Using the combination of geophysical land surface data from MERIS and AATSR in conjunction with atmospheric data from other satellites, we will develop a proof of concept for Sentinel-3 (OLCI/SLSTR) data and a synthetic framework to simultaneously retrieve global E and surface moisture status at 1 km spatial resolution. Upon the availability of the land and atmosphere data from Sentinel-3 the framework to estimate E and surface moisture would likely be adapted to demonstrate the potential of SLSTR and OLCI channels for near real-time mapping of terrestrial E and drought. This will not only greatly benefit the climate studies but a consistent thermal remote sensing satellite based E, surface moisture and drought data record will also be established for the post NOAA and MODIS era.

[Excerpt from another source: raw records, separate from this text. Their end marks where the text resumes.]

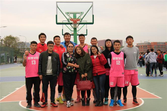 11月11日下午,我校体育节篮球赛总决赛在北校区篮球场进行,比赛双方为管理学院队与经济学院队。管理学院党委副书记张亚军、学生科科长芮丽华、团委负责人陈芊羽、学生科老师向珂莹也来观看了本场比赛。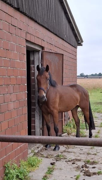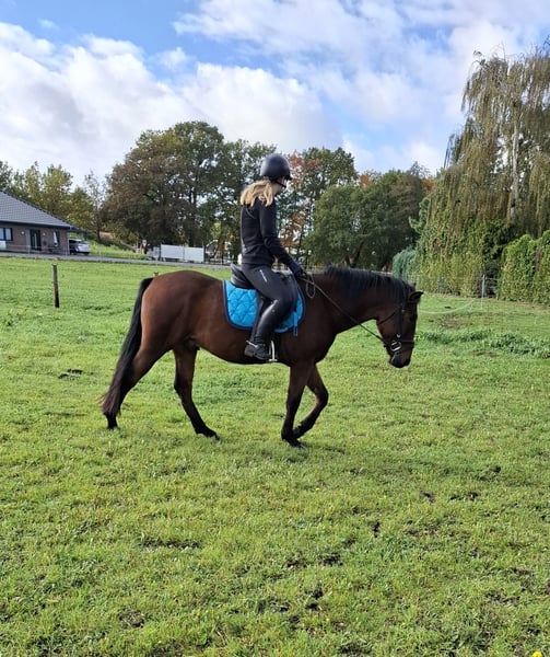 4-jähriger Pony-Wallach Aufgrund von Schwangerschaft steht unser 4-jähriger Pony-Wallach zum Verkauf. Er wurde angeritten und ein paar mal zweispännig gefahren. Im Umgang zeigt er sich clever und aufmerksam – allerdings mit einem ordentlichen Dickkopf. Daher ist er nicht für Anfänger oder Kinder geeignet. Alter: 4 Jahre Geschlecht: Wallach Größe: ca. 1,43m Charakter: Selbstbewusst, temperamentvoll, benötigt eine erfahrene Hand Gesundheit: Fit, regelmäßig entwurmt, Zähne gemacht, Hufschmied und Hänger kennt er Er ist kein „fertiges“ Freizeitpony, sondern ein junger Kerl mit eigener Meinung, der noch einiges lernen muss und der regelmäßig gearbeitet werden muss. Wer ihn konsequent, fair und mit Geduld fördert, bekommt ein tolles, vielseitiges Pony mit viel Potenzial. Aktuell wegen Umstand nicht im Training.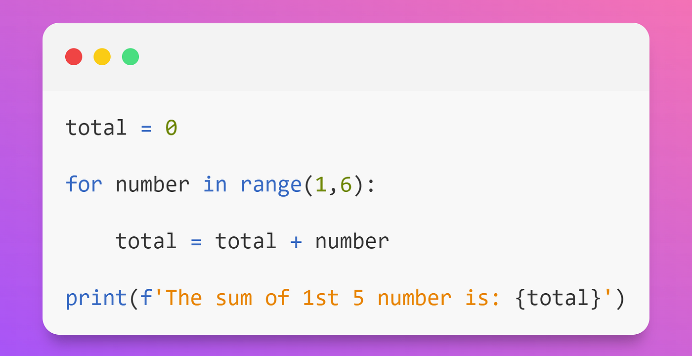 Step 1: Variable ‘total’ initialized to zero and range (1,6) were iterated over a loop. In this, the value starts from ‘1’ and ends at 5 (6 is not inclusive) and will be incremented by default ‘1’.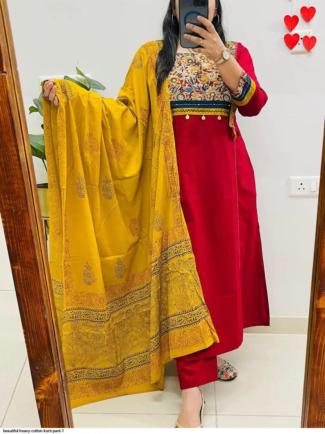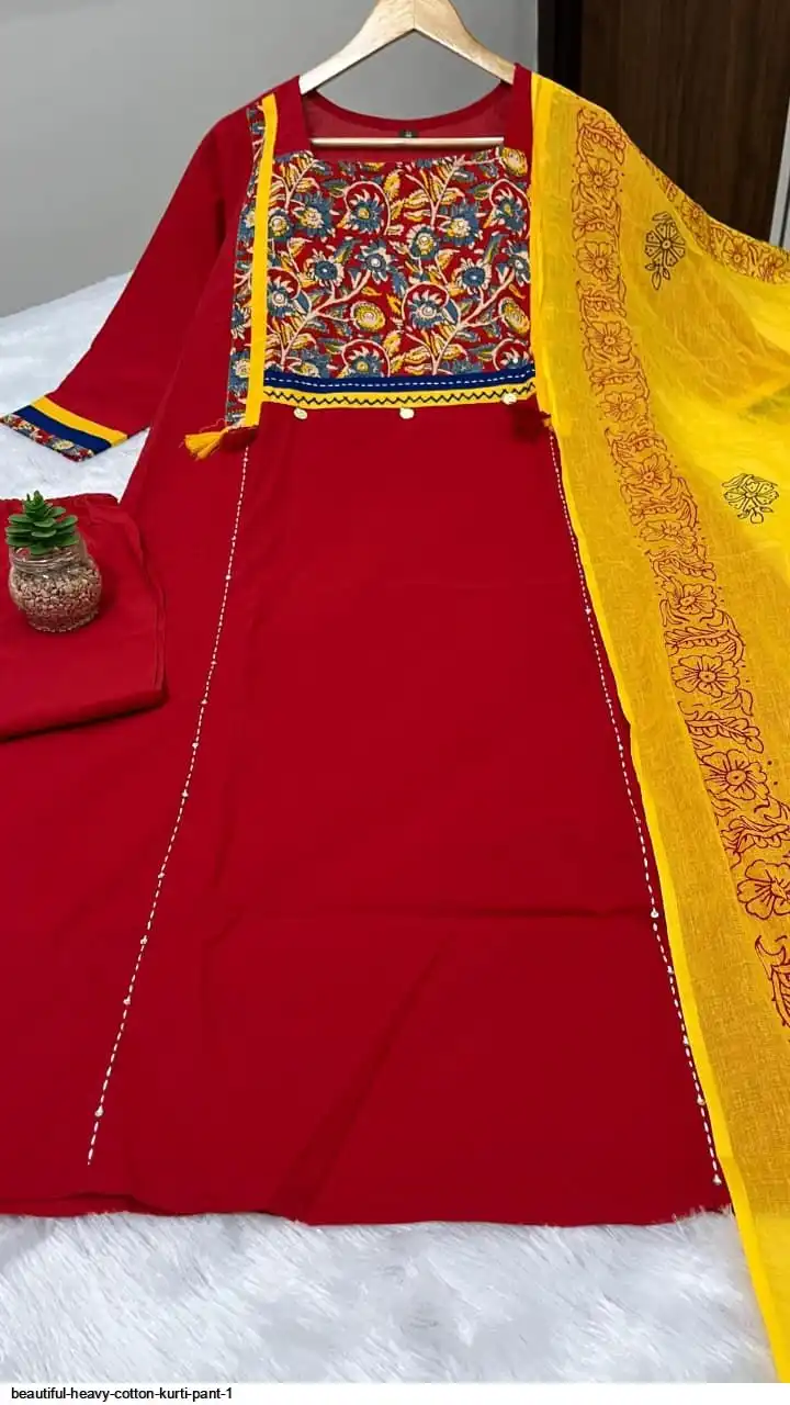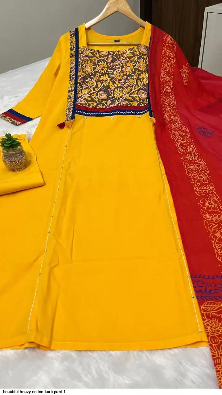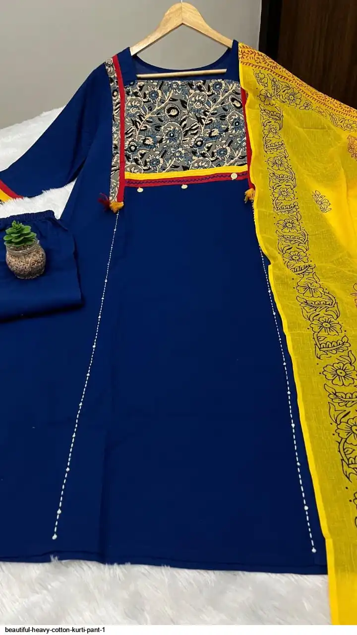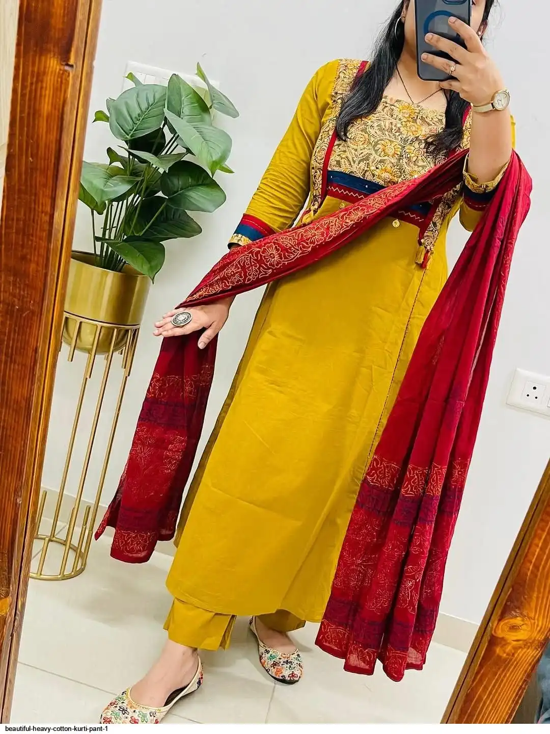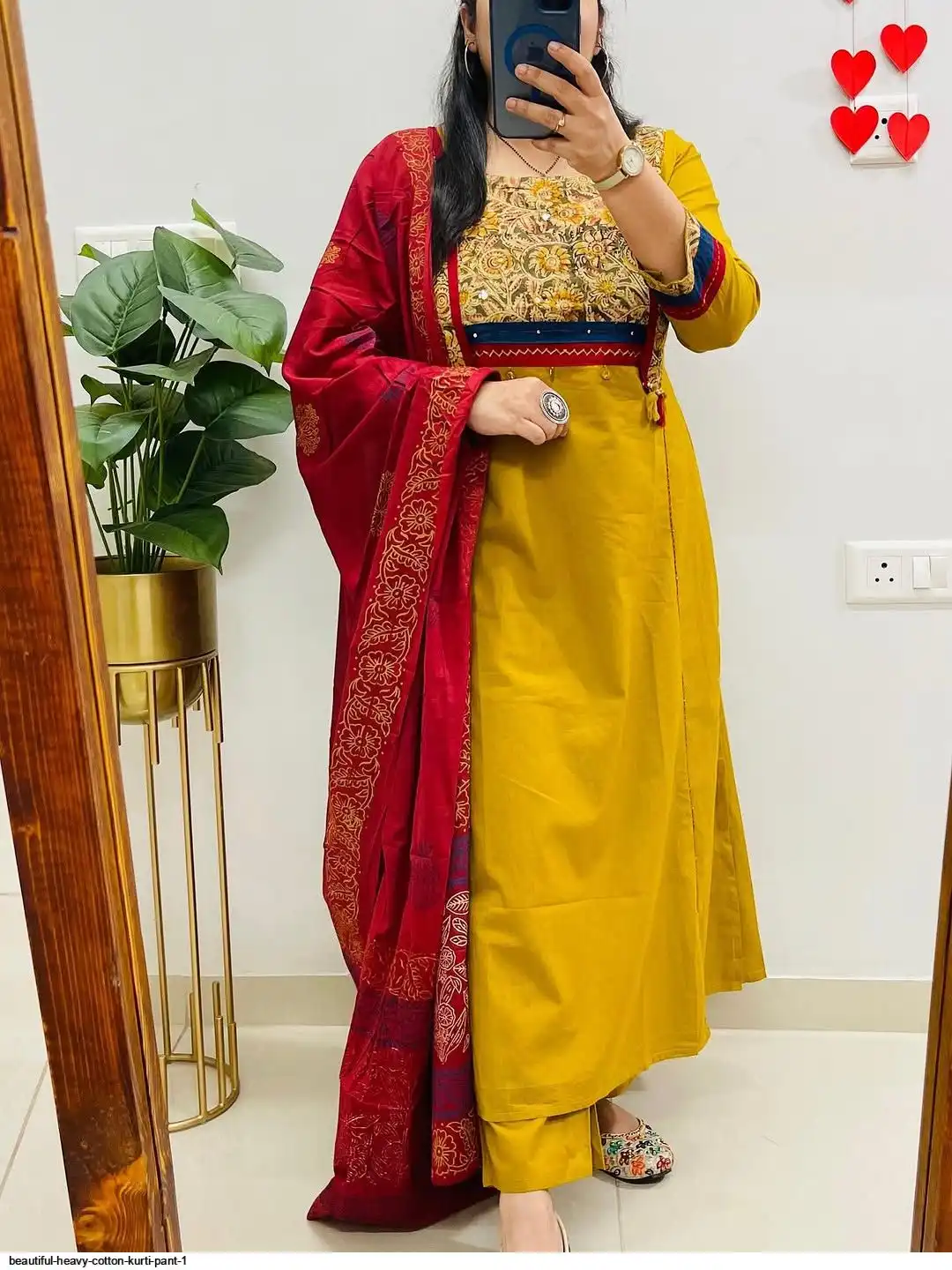 Pure fine Cotton fabric 🪡🧶 heavy yog work and sika work Kurti with Pant with cotton 100-100 Dupatta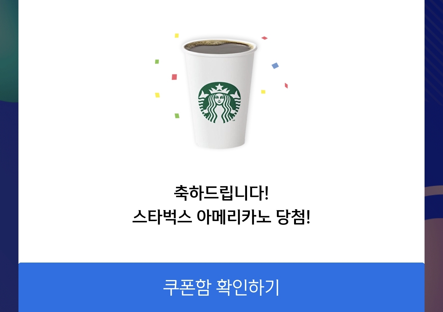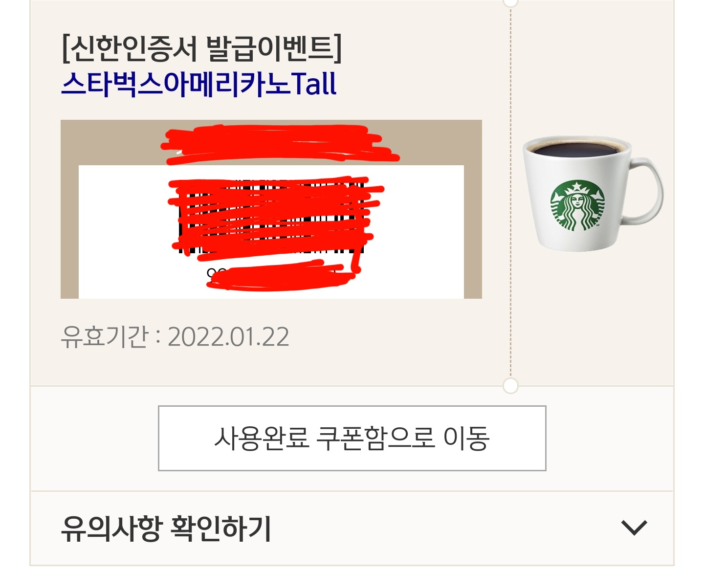 바로 스타벅스 아메리카노 톨사이즈 쿠폰을 받았습니다.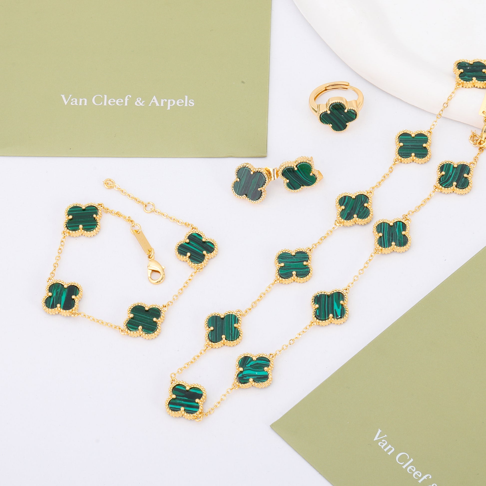 طقم فان كليف اخضر ذهبي 4 قطع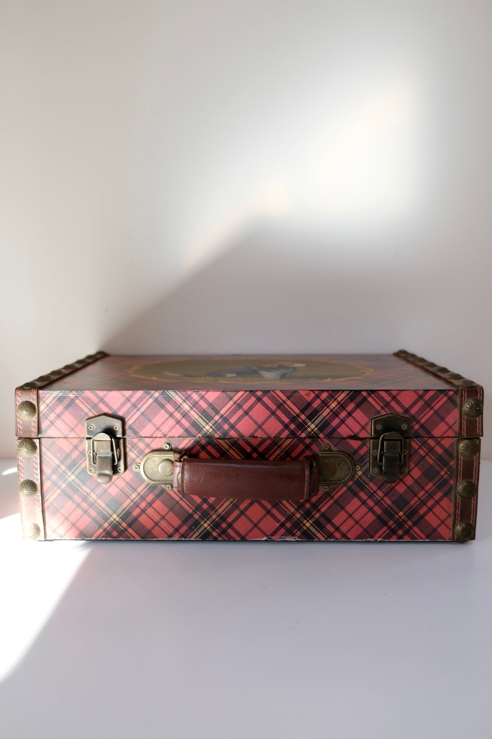 This one feels straight out of a cozy English study β a vintage tartan case with a hand-painted sporting dog on top πΎ. The red plaid exterior is trimmed with brass hardware and stud details, while the interior is lined in deep wine velvet. Itβs both decorative and functional β perfect for storing keepsakes, holiday cards, or displaying under a console or beside the hearth.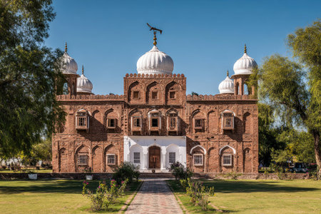 A symmetrical brick building features multiple white domes and minarets under a clear blue sky. The architectural structure exhibits arched windows and doors, with a white-painted entrance. The daytime image shows the building situated within a green, well-manicured landscape. Suitable for commercial use or depicting cultural heritage.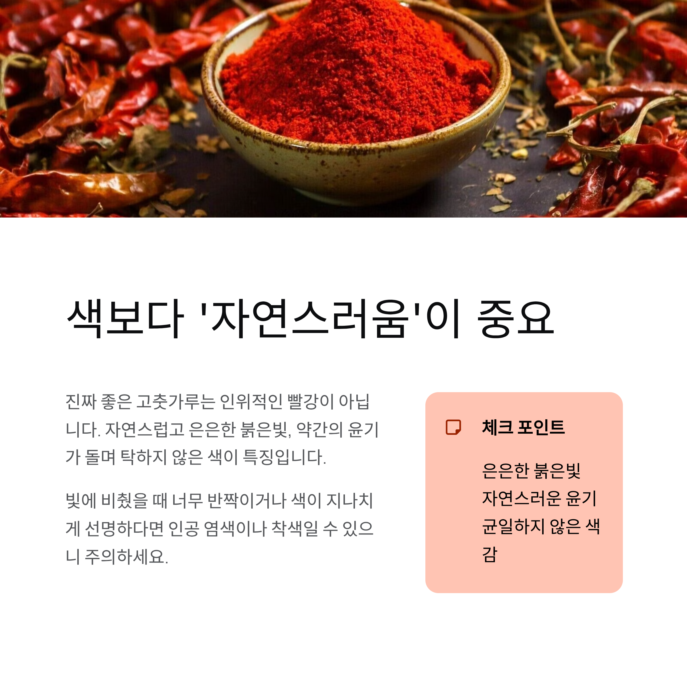 결론, 좋은 고춧가루는 ‘색·향·질감’이 만든다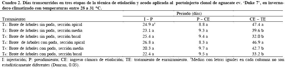 El material vegetal de los Tratamientos 1 y 4, que corresponden a brotes sin y con poda, provenientes de la sección apical de arboles, respectivamente, demoraron más tiempo en lograr la altura necesaria (30 cm) para iniciar el proceso de enraizamiento (Cuadro 2). Sin embargo, ninguno de los seis tratamientos tuvieron efecto significativo en las dos etapas anteriores del proceso de clonación, lo que se contrapone a lo planteado por McKenzie et al. (1988) y Whiley et al. (2007), quienes destacaron la importancia de utilizar árboles podados para la obtención de material vegetal adecuado para la propagación. Una posible explicación de tal contraste podría ser el hecho de que los árboles utilizados en este ensayo eran jóvenes, 4 años los no podados y de 3 años los podados.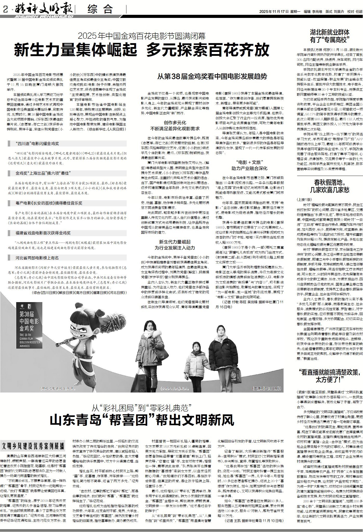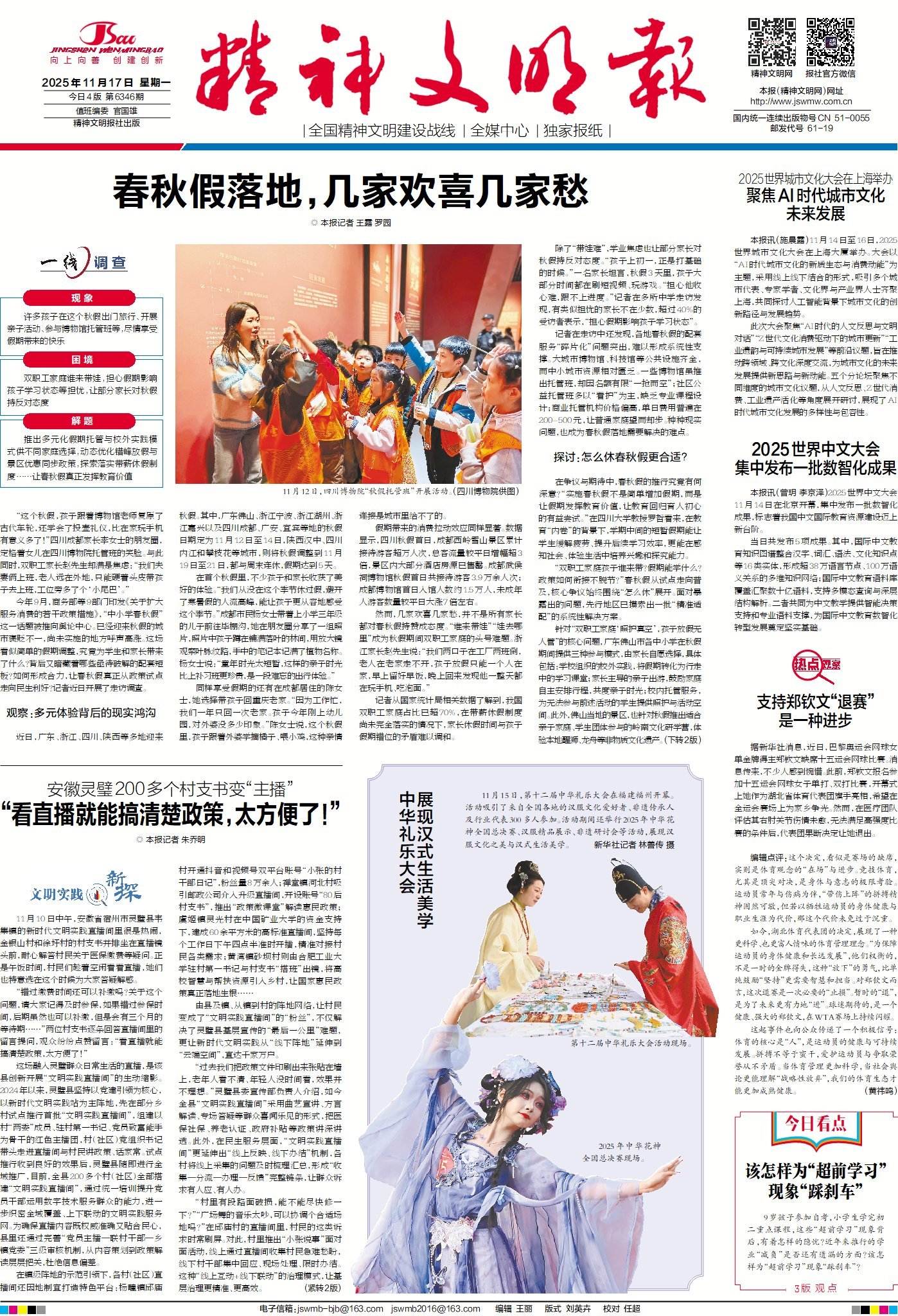 今日版面“早”知道:1版《一线调查》直击“秋假初体验”,探讨如何让春秋假真正发挥教育价值;《热点观察》聚焦郑钦文伤退十五运会;2版《文明乡风建设优秀案例展播》带你走进山东青岛西海岸新区大场镇三河埠新村,看“帮喜团”巧解旧俗难题 ;3版《文明棱镜》关注“超前学习”风潮,探究学业“减负”盲区何在、刹车怎踩。更多精彩尽在本期报纸,赶紧看起来!

Land surface temperature (LST) has a long heritage of satellite observations which have facilitated our understanding of land surface and climate change processes, such as desertification, urbanization, deforestation and land/atmosphere coupling. These observations have been acquired from a variety of satellite instruments on platforms in both low-earth orbit and in geostationary orbit. Retrieval accuracy can be a challenge though; surface emissivities can be highly variable owing to the heterogeneity of the land, and atmospheric effects caused by the presence of aerosols and by water vapour absorption can give a bias to the underlying LST. As such, a rigorous validation is critical in order to assess the quality of the data and the associated uncertainties.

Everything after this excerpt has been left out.